Before Benoit Blanc, there was Brendan Frye.
At first glance, the teenaged gumshoe at the heart of Brick doesn’t share much with the gentleman sleuth from Knives Out, Glass Onion and the upcoming Wake Up Dead Man. Benoit Blanc (Daniel Craig) styles himself as a lost Agatha Christie character, while Brendan (Joseph Gordon-Levitt) is a jaded teen who spits Dashiell Hammett dialogue before starting fights he can’t win.
But dig deeper and you’ll find two detectives caught in cases that contort around their own genre conventions. Both, of course, are creations of Rian Johnson – the writer/director who induces either delight or unspeakable rage, depending on what type of nerd you are. And both Blanc and Brendan play their cards close to their chest and keep the audience guessing, even when they don’t know what the question is.
Brick is certainly an ambitious first film: a hard-boiled film noir, but set in a high school. The story begins with Brendan staring at the body of a young woman in a stormwater drain, her outstretched arm weighed down with blue plastic bangles. Cut to two days earlier, and that same arm slips a note into Brendan’s locker, pleading for help and dragging him back into the school’s drug ring.
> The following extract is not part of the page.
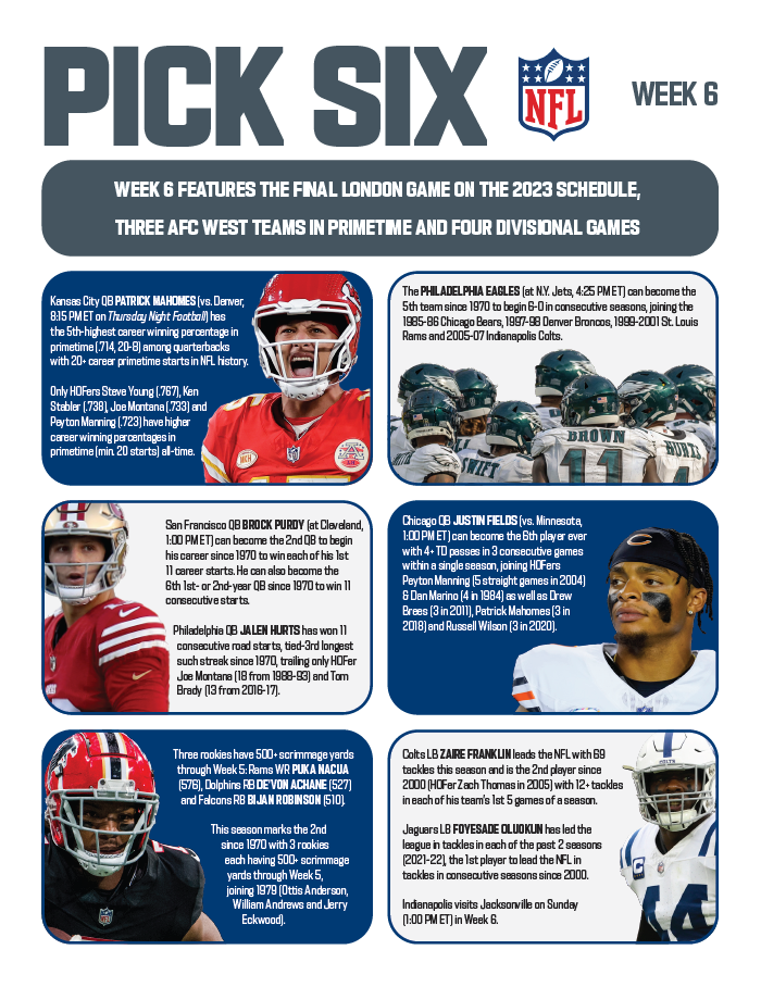 FootballNFL NFL Pick Six – Week 6 By NFL Editor - October 14, 2023 0 175 FacebookTwitterPinterestWhatsAppLinkedinReddItEmailPrint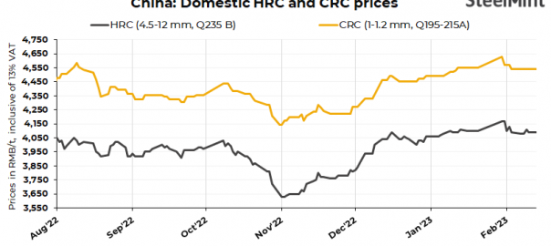 SHFE HRCs futures for May’23 delivery closed today at RMB 4,119/t ($604/t), falling by RMB 22/t ($3/t) d-o-d.

A lesser film would wink at this gimmick, but Brick plays it completely straight: there’s a twisty plot, moody imagery, a femme fatale, two-bit thugs and a dapper dealer who styles himself as the local kingpin and is “old, like 26”. Rather than wet inner-city streets, Brick basks in the concrete grime of suburban California: carparks, vacant lots and rundown schools. The now-cliched film noir voiceover is absent, replaced with Gordon-Levitt’s magnetic performance as Brendan, a loner whose apathetic exterior hides the fact that he cares too deeply to let anything go.
While it doesn’t have the comic accents and mocking social commentary of Knives Out, Brick is also a deceptively funny film, thanks to Brendan’s bone-dry affect (he calmly takes his glasses off every time he’s about to get his ass handed to him) and the tension between the poker-faced plot and reality. When one of the film’s baddies, The Pin (Lukas Haas), arrives on the scene like an Orson Welles villain in a black cape, he’s still working out of his mum’s plywood walled basement. When Brendan reels off a list of tasks for an ally, they include “cover for me for first [period] – I’m gonna be a little late”.
As with many debut outings, Johnson struggled to get funding and made the film on a shoestring budget, relying on the talent of his friends (like cinematographer Steve Yedlin) and family (like composer Nathan Johnson). The lack of money forced them to be inventive – the score features half-filled wineglasses with a finger dragged over the rim, and Yedlin’s clever framing and low frame rates allow stunts they otherwise couldn’t afford. Low budget doesn’t mean low risk: scenes are lit with mirrors, trippy montages strangle the camera, and the dialogue is almost Shakespearean, rattling along rhythmically until a line punches you in the gut. It’s an incredibly confident take on one of cinema’s most established (and parodied) genres.
Much of the Brick team have stayed with Johnson throughout his career – Steve Yedlin and Nathan Johnson are both integral to the Knives Out series. But it would be selling Brick short to say it is only interesting as a precursor to later success: it’s an alluring, all-encompassing mystery that draws you under and holds you down.